Tráfego para quem já demonstrou interesse
Com o posicionamento definido e bons conteúdos produzidos, entra o terceiro pilar apresentado por Heitor: o tráfego pago.
Segundo ele, a ferramenta pode ser usada tanto para encontrar novos públicos quanto para voltar a impactar pessoas que já tiveram algum contato com a marca. Quem visitou o perfil, acessou o site, assistiu a um vídeo ou interagiu com uma publicação pode receber uma nova comunicação.
O especialista também diferenciou conteúdo e criativo de anúncio. Uma publicação feita para o perfil pode ser impulsionada, mas um anúncio deve ser pensado de acordo com o objetivo da campanha.
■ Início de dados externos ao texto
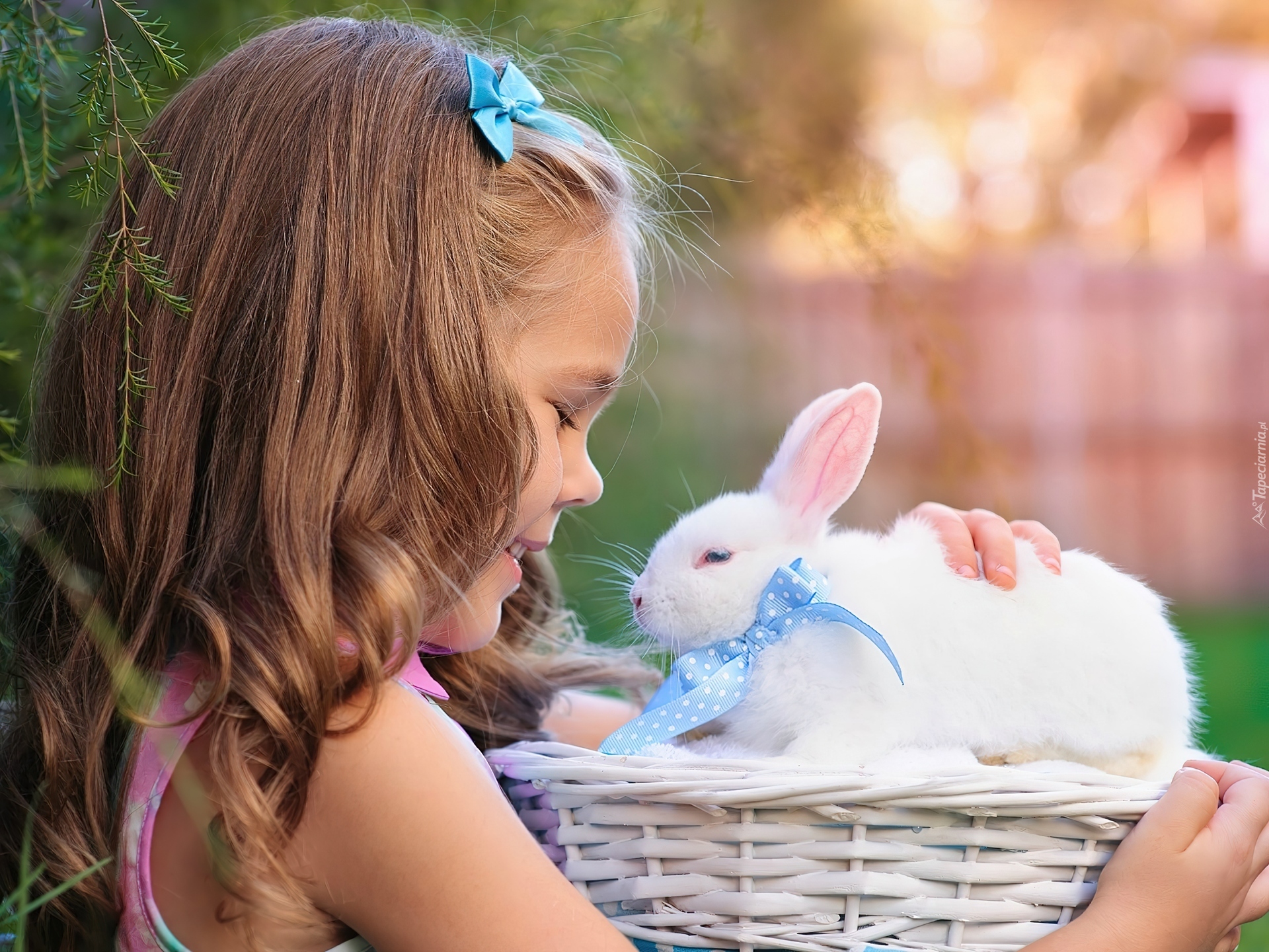 Edytor tapety: Dziewczynka, Koszyk, Królik, Ogród

Para uma ação de vendas, por exemplo, é necessário deixar clara a oferta e incluir uma chamada para ação.
Entre os elementos que podem compor um bom criativo estão um gancho visual ou textual, uma mensagem de identificação com o público, uma proposta clara e uma chamada para ação.
Google e ChatGPT entram na estratégia
O workshop também mostrou que diferentes plataformas cumprem papéis distintos na jornada do consumidor. Enquanto o Instagram trabalha principalmente a atenção, o Google captura intenção: quem pesquisa “restaurante japonês em Curitiba”, por exemplo, já demonstra interesse em encontrar esse tipo de estabelecimento.
Por isso, Heitor destacou a importância de anúncios de pesquisa, páginas de destino objetivas e um perfil bem cuidado no Google Meu Negócio. Horários, fotos, informações e avaliações devem estar atualizados. As avaliações também podem contribuir para a presença digital. A recomendação foi responder aos comentários, inclusive os positivos, utilizando naturalmente informações relacionadas ao negócio e aos termos que os clientes costumam pesquisar.
O especialista ainda chamou atenção para o crescimento do ChatGPT como ferramenta de descoberta. Para aparecer nas recomendações, restaurantes precisam trabalhar presença digital de forma consistente, com conteúdo próprio, site, artigos, informações no Google e menções em veículos e plataformas de referência.
A mensagem final do workshop foi que tráfego pago potencializa aquilo que já existe. Sem conteúdo, posicionamento e uma oferta coerente, colocar dinheiro na divulgação apenas amplia uma estratégia que ainda não está pronta para converter.